Full Two-Port S-Parameters at mK Temperatures: a Calibration Strategy and Uncertainty Budget

TL;DR

This paper presents a calibration method and uncertainty analysis for accurate two-port S-parameter measurements at millikelvin temperatures over 4-12 GHz, using a cryogenic setup and SI-traceable standards.

Contribution

It introduces a novel calibration strategy and comprehensive uncertainty budget for cryogenic S-parameter measurements down to mK temperatures.

Findings

Achieved 20.70 +/- 0.08 dB attenuation measurement at 6 GHz.

Developed a calibration approach compatible with single-cycle cooling.

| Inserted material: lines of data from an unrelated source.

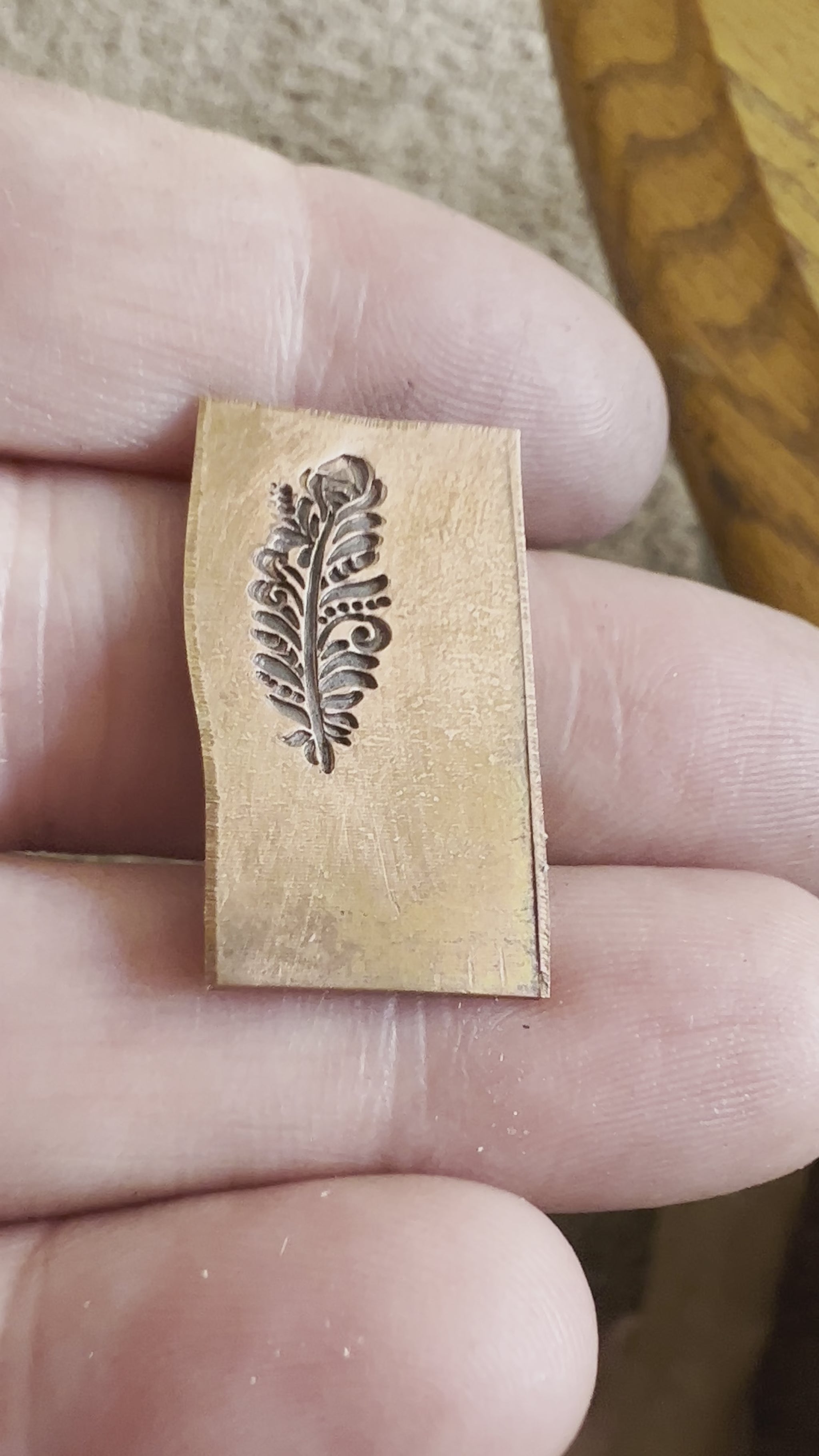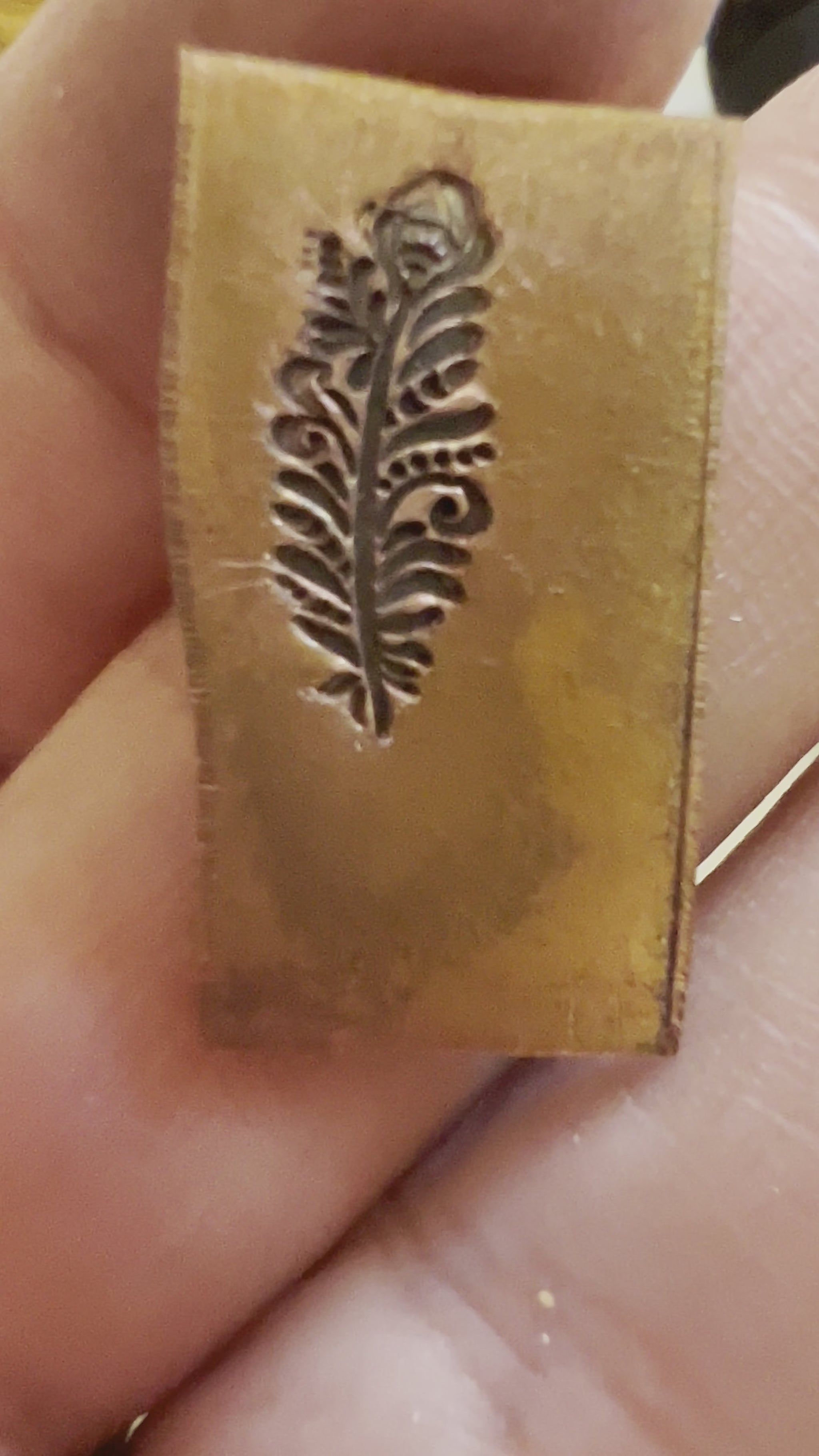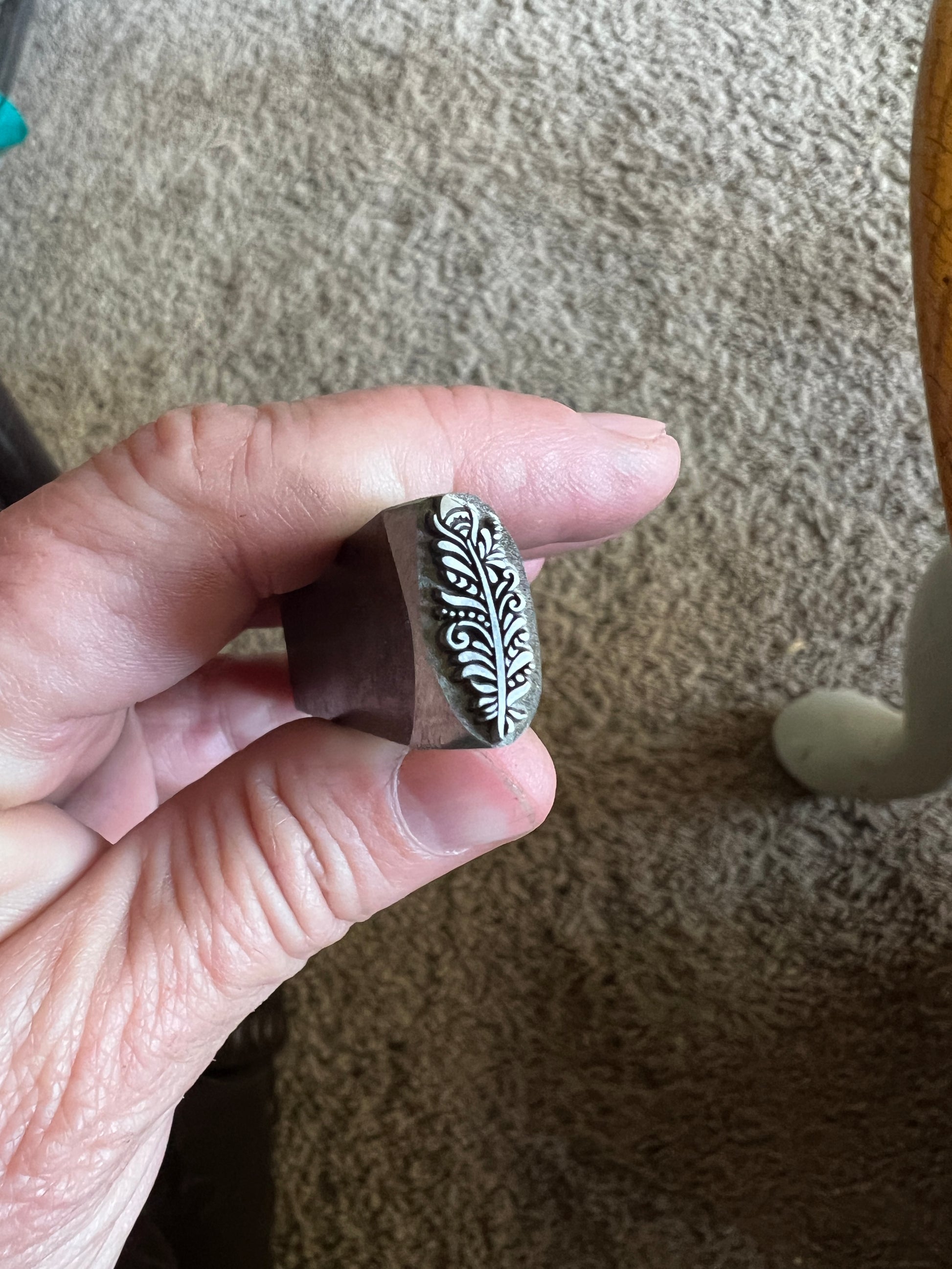 One of Daniel Urrea‘s legacy designs, this fancy feather stamp is approximately 13 mm. It looks like a stylized peacock feather.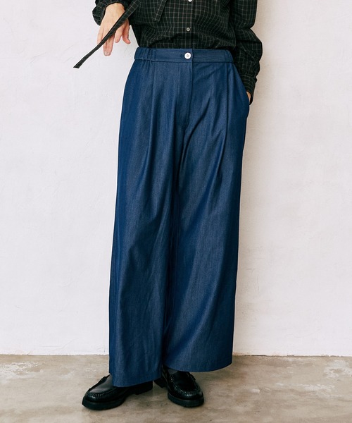 微起毛素材で仕立てたきれいめワイドデニムパンツ表面に微起毛を施した上品な表情のデニムパンツ。落ち感のある素材が叶える柔らかなシルエットは、穿き心地の良さも魅力です。ワイドすぎないバランスで、きれいめにもカジュアルにも対応できる万能アイテム。 フロントのディテールや後ろポケットのデザインなど、細部にまでこだわりを感じられる1本です。 コーディネート 【ブラウス】 フリルブラウスを合わせて、フェミニンさを取り入れたフレンチカジュアルに。【ブルゾン】ショート丈ブルゾンを羽織り、今年らしいバランスの効いた着こなしに。【ニット】シンプルなニット合わせで、素材感を引き立てたきれいめカジュアルに。※照明の関係により、屋外で撮影した写真の商品は、実際よりも色味が違って見える場合があります。またパソコン・スマートフォンなどの環境により、若干製品と画像のカラーが異なる場合もございます。予めご了承ください。実際の商品の色味は、スタジオ撮影の画像をご参照下さい。※商品画像はサンプルのため、色味やサイズ等の仕様に変更がある場合がございますので、予めご了承ください。アイテム詳細素材:ポリエステル70%,レーヨン25%,ポリウレタン5%サイズ: 【0】 ボトム丈:97.6cm,ウエスト:67cm,ベルト巾:4cm,わたり:36.5cm,ヒップ:109cm,股下:70cm,裾巾:31cm【1】 ボトム丈:100.1㎝,ウエスト:70cm,ベルト巾:4cm,わたり:37.5cm,ヒップ:112cm,股下:72cm,裾巾:32cm====================裏地:なし透け感:なし生地の伸び:なし光沢感:なしケア方法:手洗い可====================生産国:中国品番:12543001※取り扱い・ケア方法については、商品についている品質表示でご確認ください。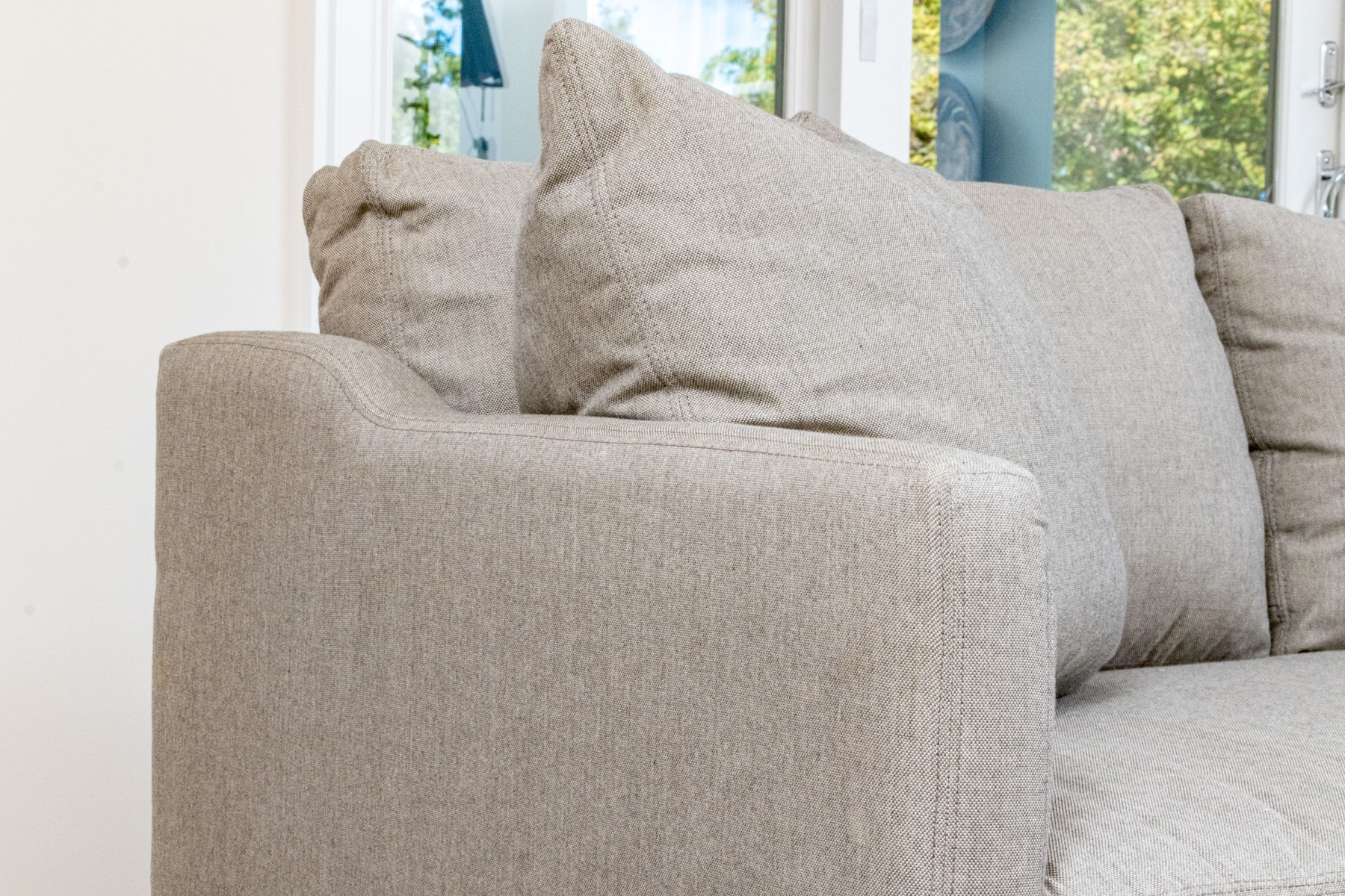 Like new. The pillows and cushions are nice and plump, lightly used.
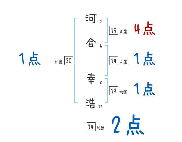 総運![]() | 河合幸浩さんの総運は34画の2つ星!独創性に優れるが、自尊心が強く災難に注意しましょう。 あなたの人生を表す1番重要な運勢です。生涯を通じて影響する総合運となり、主に50歳以降の晩年期に影響を及ぼします。 |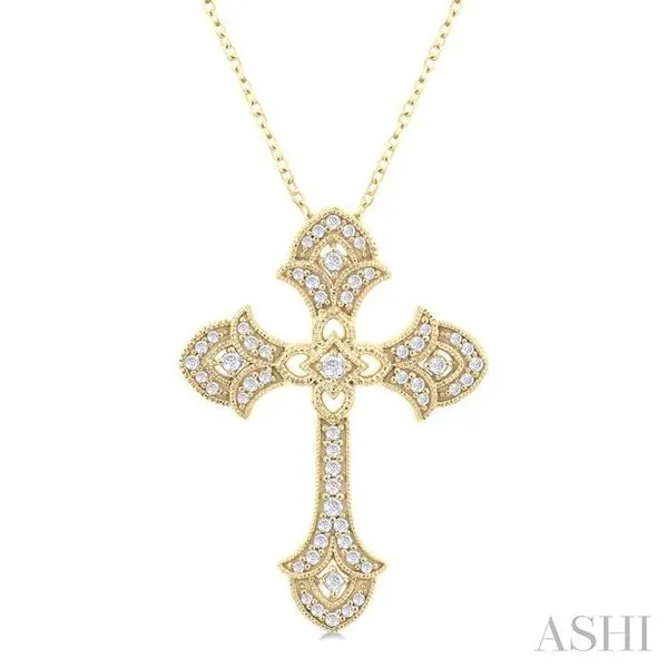 1/4 Ctw Cross Round Cut Diamond Fashion Pendant With Chain in 14K Yellow Gold Image 3 Adler's Diamonds Saint Louis, MO

Presented an initial verification method for cryogenic calibration accuracy.

Abstract

This paper describes the developed setup and characterization approach for full two-port calibrated S-parameter measurements at cryogenic temperatures, together with a complete uncertainty budget. The system developed at the Istituto Nazionale di Ricerca Metrologica (INRiM, Italy), exploits the Short-Open-Load-Reciprocal technique to realize error-corrected cryogenic measurements within a single cooling cycle. The system operates down to mK temperatures over the 4-12 GHz band in coaxial line. Calibration standards are referenced to SI-traceable room-temperature measurements, while a numerical approach is used to evaluate the response shift of the artifacts upon cooling and to derive an additional cryogenic uncertainty contribution for the measurement uncertainty budget. Moreover, relevant measurement uncertainty contributions are evaluated according to internationally agreed procedures, and a comprehensive uncertainty budget is presented. Test measurements on a 20 dB attenuator are shown as an example. An attenuation of 20.70 +/- 0.08 dB (95% confidence interval) was obtained at 6 GHz. Full SI-traceable verification at mK temperatures remains an open challenge; however, an initial calibration verification is also presented.